■ Exercise ■
No pictures belong in the result; set down exactly the lines from the one containing "Trasa wyprawy przebiegała" through the final line of the listing, and nothing more.

■ The data ■
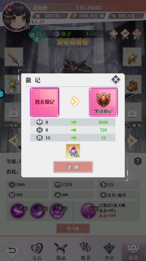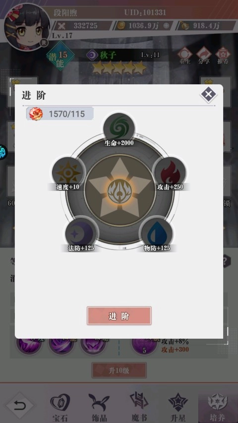 5、英雄培养到满级后可以使用进阶晶石来进阶,可以提升等级上限,增加战力。
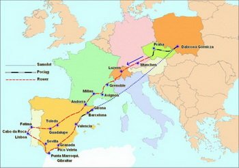 Trasa wyprawy przebiegała przez 10 państw - Polskę, Czechy, Niemcy, Austrię, Szwajcarię, Włochy, Francję, Andorę, Hiszpanię, Portugalię oraz Gibraltar - chociaż przez niektóre państwa przejeżdżaliśmy niemal symbolicznie. Ogółem w ciągu 49 dni przejechaliśmy 5529 km.Portugalia /28 lipca - 2 sierpnia/
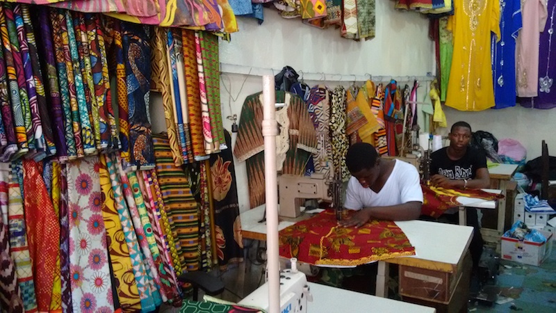 Here is the shop where I ended up buying fabric that I noticed is from the same place as some of the fabric I bought in Senegal: China. (I also bought some supposedly-Liberian masks for my brother-in-law only to have another vendor tell me they were actually from Ghana.)
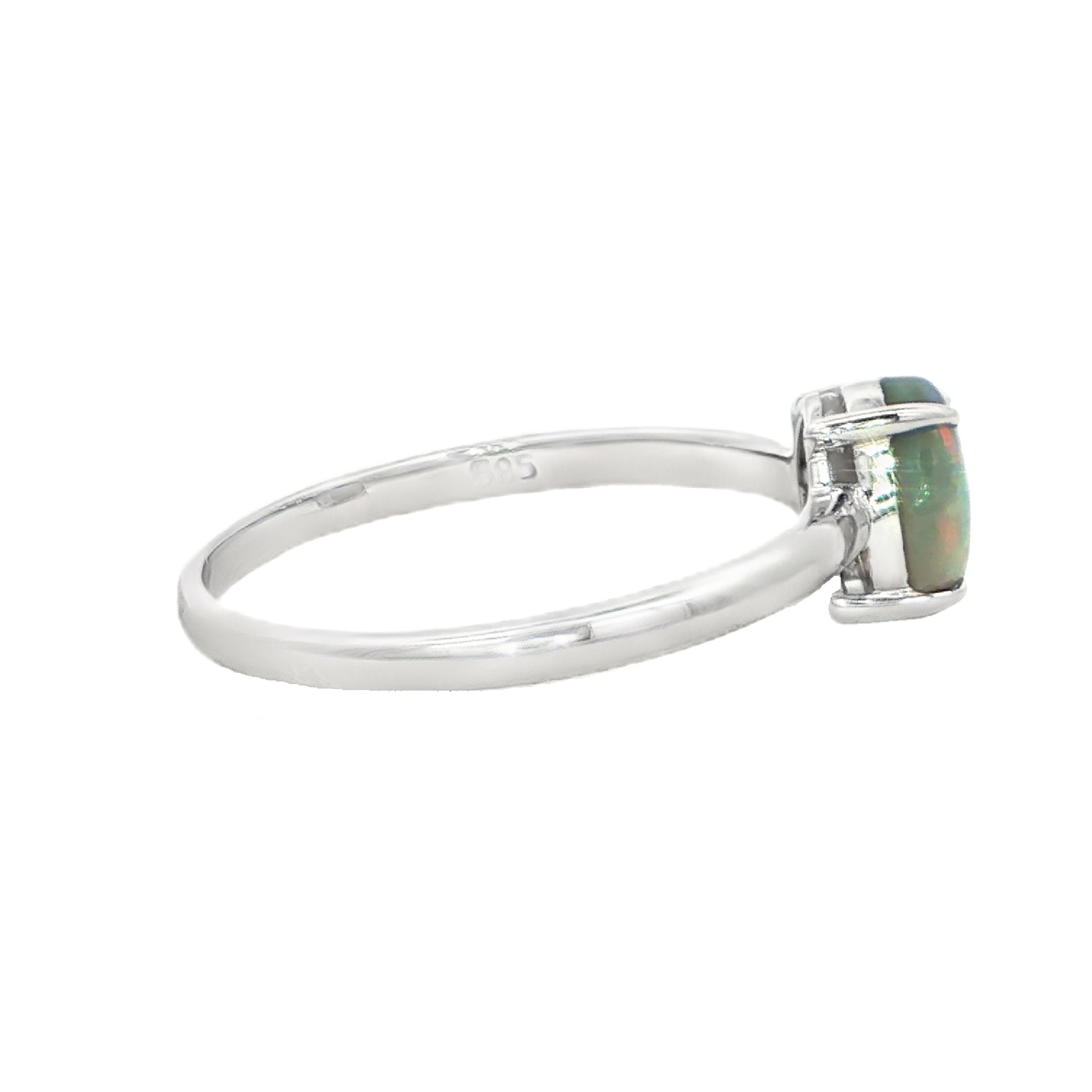 Black Opal Ring in 14K White Gold - Multicolour

■ Task response ■
 Trasa wyprawy przebiegała przez 10 państw - Polskę, Czechy, Niemcy, Austrię, Szwajcarię, Włochy, Francję, Andorę, Hiszpanię, Portugalię oraz Gibraltar - chociaż przez niektóre państwa przejeżdżaliśmy niemal symbolicznie. Ogółem w ciągu 49 dni przejechaliśmy 5529 km.Portugalia /28 lipca - 2 sierpnia/
 Here is the shop where I ended up buying fabric that I noticed is from the same place as some of the fabric I bought in Senegal: China. (I also bought some supposedly-Liberian masks for my brother-in-law only to have another vendor tell me they were actually from Ghana.)
 Black Opal Ring in 14K White Gold - Multicolour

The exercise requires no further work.